Der Spot der SPD ist ein Beispiel für eine „Professionalisierung“ der politischen Kommunikation – die Wahlkampfwerbung orientiert sich immer stärker am kommerziellen Werbestil. Was letzten Endes nicht verwundert, da die Parteien von renommierten Werbeagenturen durch den Wahlkampf geleitet werden, die andernorts routiniert Produkte und Unternehmen bewerben. So zeichnet sich die Evolution der Werbelandschaft – von dem Produkt im Mittelpunkt der Kommunikation bis zur Verdrängung von Materie durch Storytelling – auch im politischen Sektor ab. Ob es also um den neuen Audi-Spot geht, bei dem ein Mann auf Carving-Skiern durch San Francisco rast oder um den Konkurrenzkampf der politischen Kontrahenten: Konkretisiert wird das, um was es eigentlich geht, erst am Schluss. Oder auch: Von hinten durch die Brust ins Auge.

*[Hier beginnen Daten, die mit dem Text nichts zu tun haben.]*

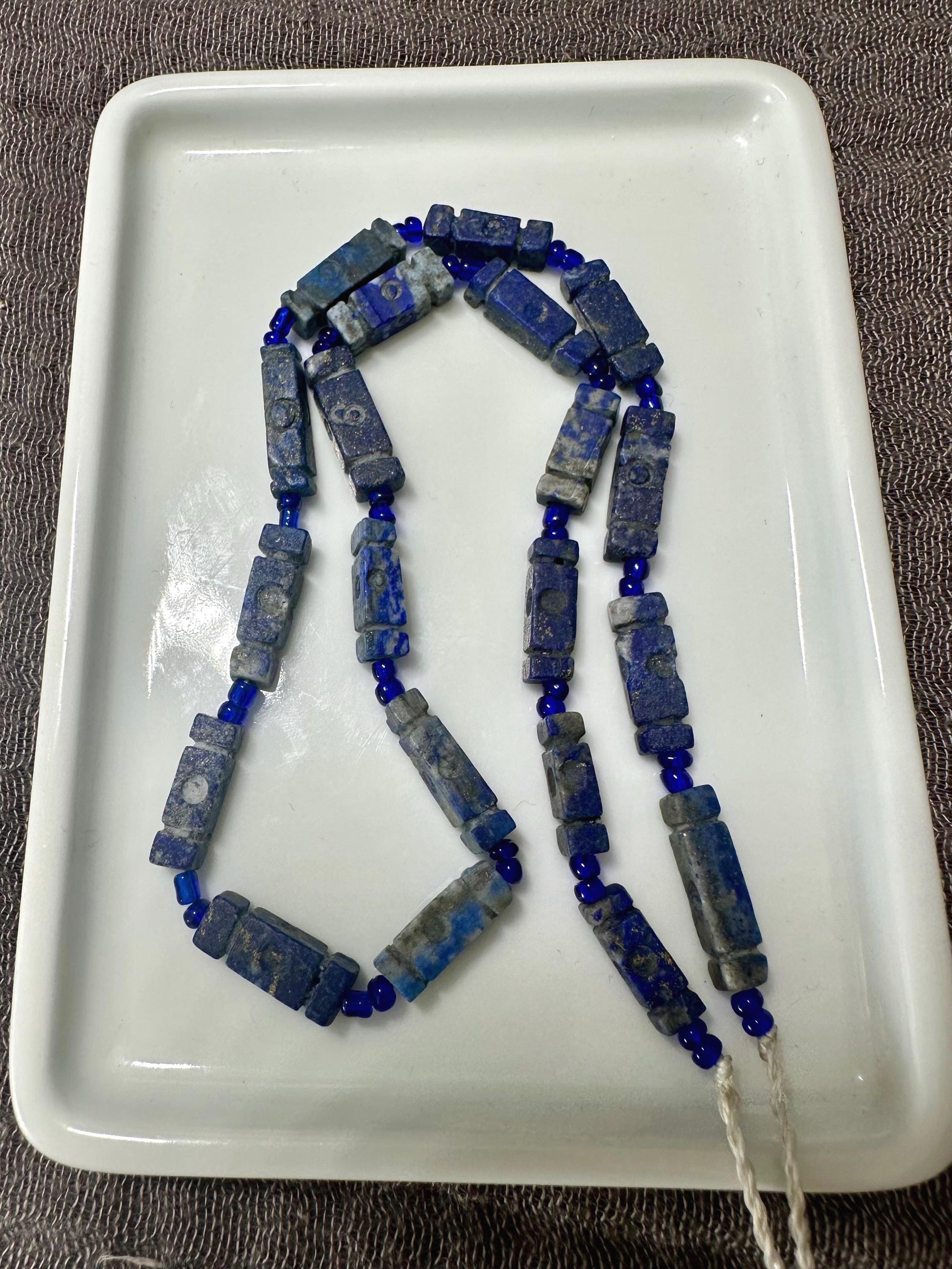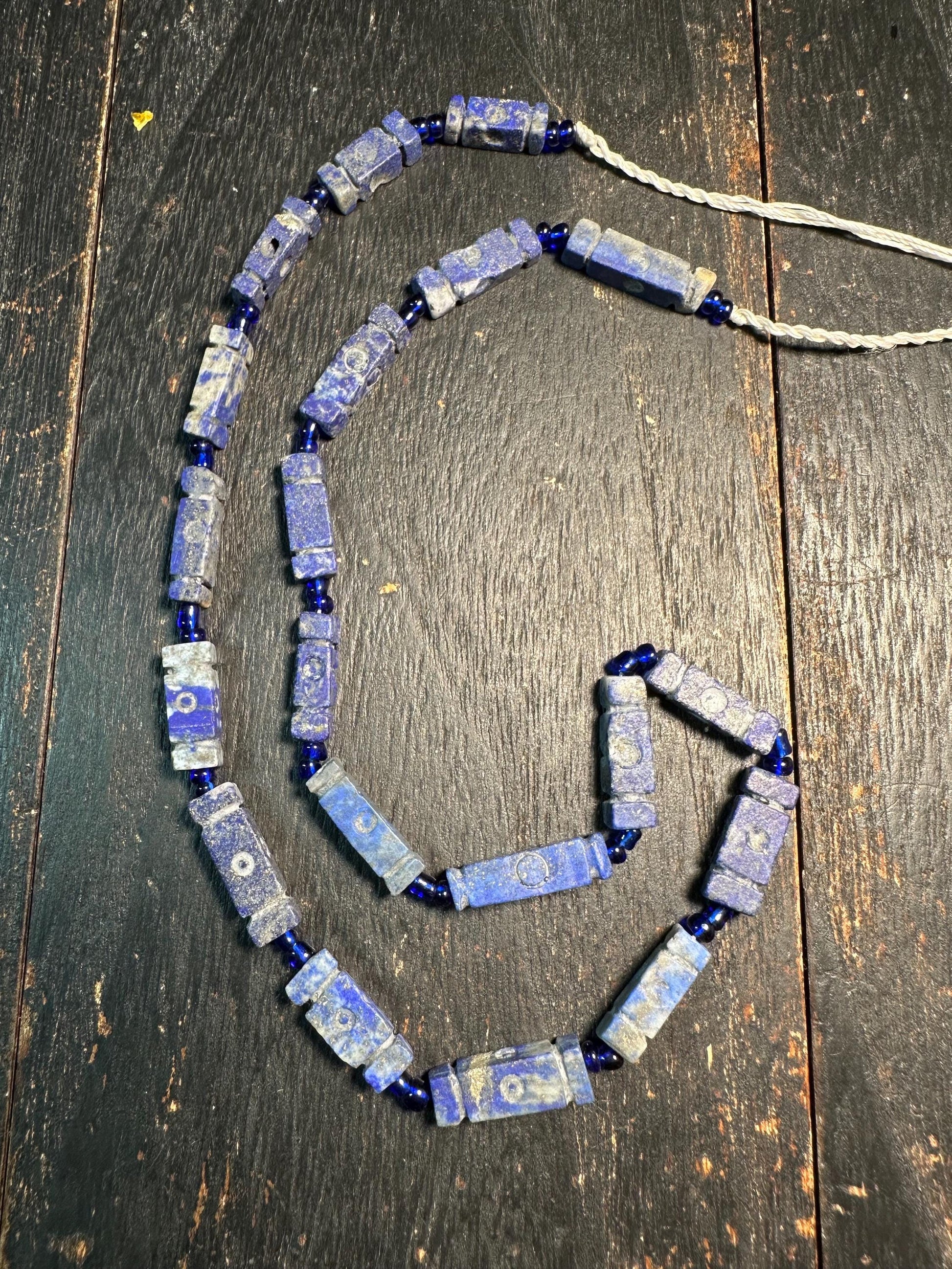 This stunning handmade necklace features natural Lapis Lazuli beads sourced from Afghanistan, showcasing deep royal blue hues with beautiful natural patterns. The rectangular lapis beads are complemented by small blue glass seed beads, creating a striking and elegant design.

Die Übertragung von Marketingstrategien in die politische Arena mag zwar für einen höheren Unterhaltungswert beim Publikum sorgen. Am Ende wird jedoch bestätigt, was nicht unbedingt wünschenswert ist: Wer die emotional überzeugende Geschichte vorzuweisen hat, gewinnt – abseits jeglicher Argumente. Ob Waschmittel oder politischer Kandidat – beide erscheinen letzten Endes (bewertet man nur auf Basis von Wahlkampfwerbung) völlig austauschbar.